Off the Cobb: Finally, a decade with a name

Since our beloved Kansas City Chiefs IN THE SUPER BOWL!!! and have the week off, I’m going to take the opportunity to tell you what I think about the most recent cheating scandal that has rocked Major League Baseball.

I’m sure you can get your fill of Patrick Levon Mahomes II or Showtime or PM2 or whatever the moniker of the week is, from other sources, including the sports page of this newspaper, so you’ll have to pardon me if I divert my attention for a minute.

I hope MLB doesn’t think that because it suspended a few coaches for one year that this mess is just going to magically go away.

No. This goes deeper and is much more widespread than I fear they want to admit.

Let’s start with the players, who were obviously involved and willingly participated.

Every team steals signs. That’s why they have signs.

But it’s how you steal those signs that makes all the difference.

If you’re a runner on second base and can decipher what the catcher is telling the pitcher and relay that to your batter somehow … fine. Everybody does that. Catchers and pitchers have to be on their toes so that can’t happen.

That’s been part of the game for many decades. 

When you start using technology that has been put in place to help improve the accuracy of umpires’ calls, then things get worse.

In my opinion, there are even layers to that method of cheating.

First of all, if you are using the replay apparatus to steal signs, that should come with harsh punishment, as should relaying the information you obtain by way of banging on a trash can of which the Houston Astros have been convicted.

The coaches and players involved should — in my opinion — be suspended for a year.

But if you wore a device — like a buzzer — under your uniform to receive illegally gained information about the pitch or pitches to come, I believe the punishment should be even more severe.

We’re not talking about gamesmanship in that case, we’re talking about flat out cheating.

As far as I know, it has not been proven or at least not made public that it has been proven that players wore devices, but I’m saying I don’t buy that Astros second baseman Jose Altuve was too “shy” to have his jersey ripped off after a game-winning World Series home run or that his wife is too “jealous.”

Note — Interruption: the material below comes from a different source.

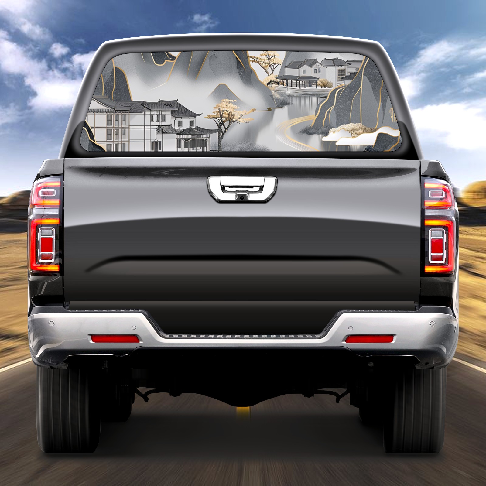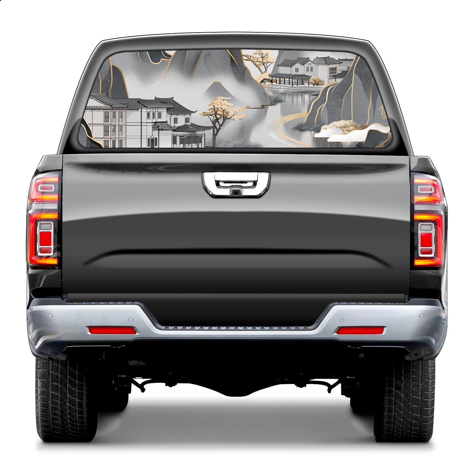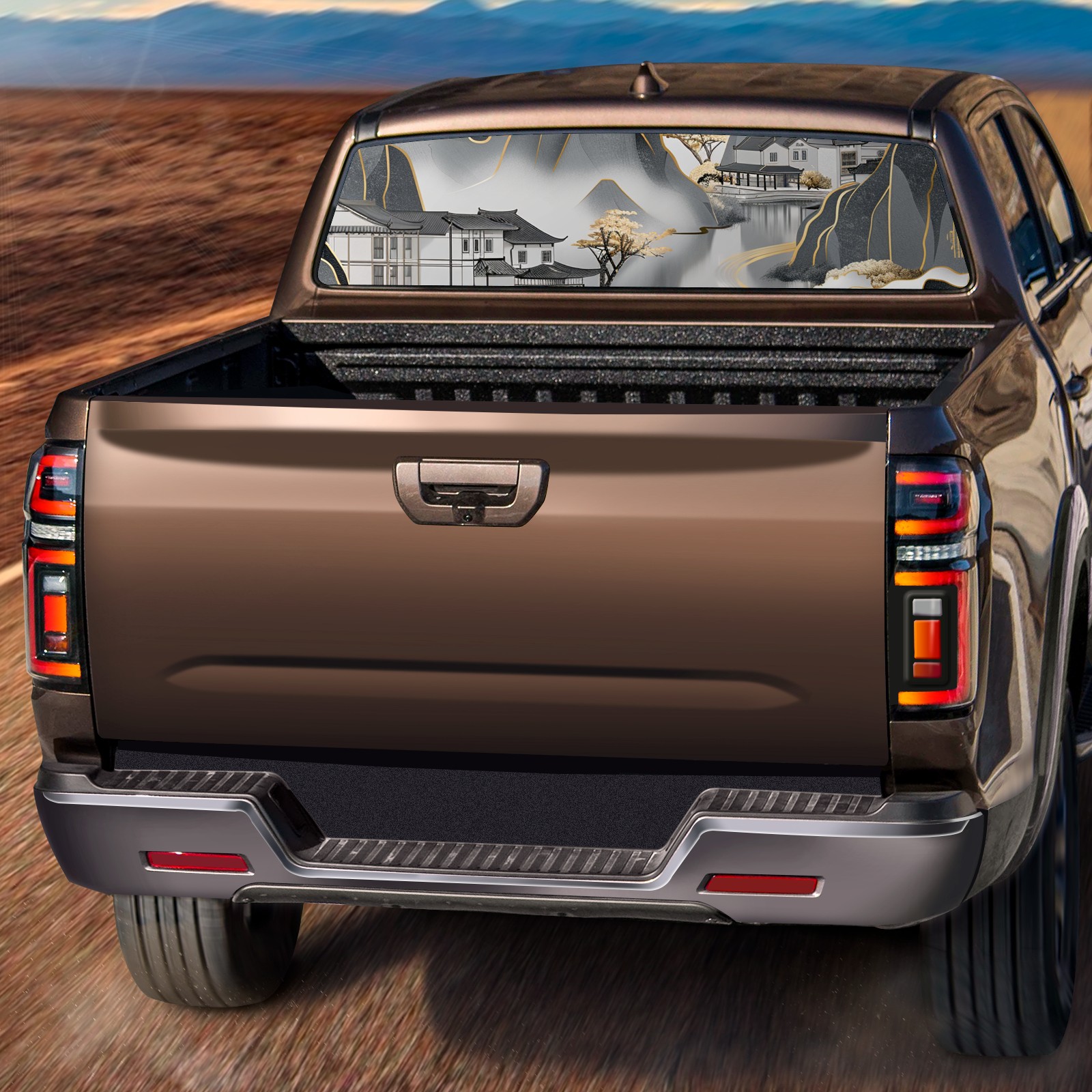 Truck Rear Window Graphics Decals Pickup Trucks Back Window Sticker Full Window Film Decal One Way Visual Waterproof Car Rear Tint Chinese Landscape Painting (3)

If you haven’t seen the video, look it up on YouTube or somewhere.

As Altuve approaches home plate to a mob of teammates like teams do after a walk-off hit, he clinches the collar of his jersey with both hands and holds on for dear life and then makes a mad dash to the locker room where he changes shirts and returns to the field.

I know video can be doctored, and I may well have fallen victim to “fake news” in this case, but I know I haven’t heard a denial from Altuve or the Astros or MLB. Altuve’s only explanation is that the last time the team tore off his jersey, his wife got upset.

Here you are, you’ve just fulfilled every kid’s childhood dream of walking off a win in the World Series. Your teammates are celebrating and losing their minds on the field and you retreat alone to the dugout to get rid of your jersey? Sure. That just became a popular jersey, but it’s not like it’s going to vanish if it gets untucked like what normally happens in those cases.

Again, I don’t buy it.

I think MLB needs to come down hard on all who are involved.

In my opinion, this is worse than Pete Rose betting on his own team to win. He’s been banned from baseball for life.

It’s worse than steroids, where players only hope to gain an advantage. Players have been blackballed from the Hall of Fame for this.

This is guaranteeing yourself an advantage and egregiously and knowingly diminishing the chances of the other team and its players, specifically the pitchers. I think MLB should vacate the Houston Astros’ World Series victory from 2017 and consider lifetime bans for those who were actively involved.

Thanks for hearing me out — glad I got that off my chest.

Now, Go Chiefs!

 Phil Cobb is the owner and publisher of The Maryville Forum and The Post.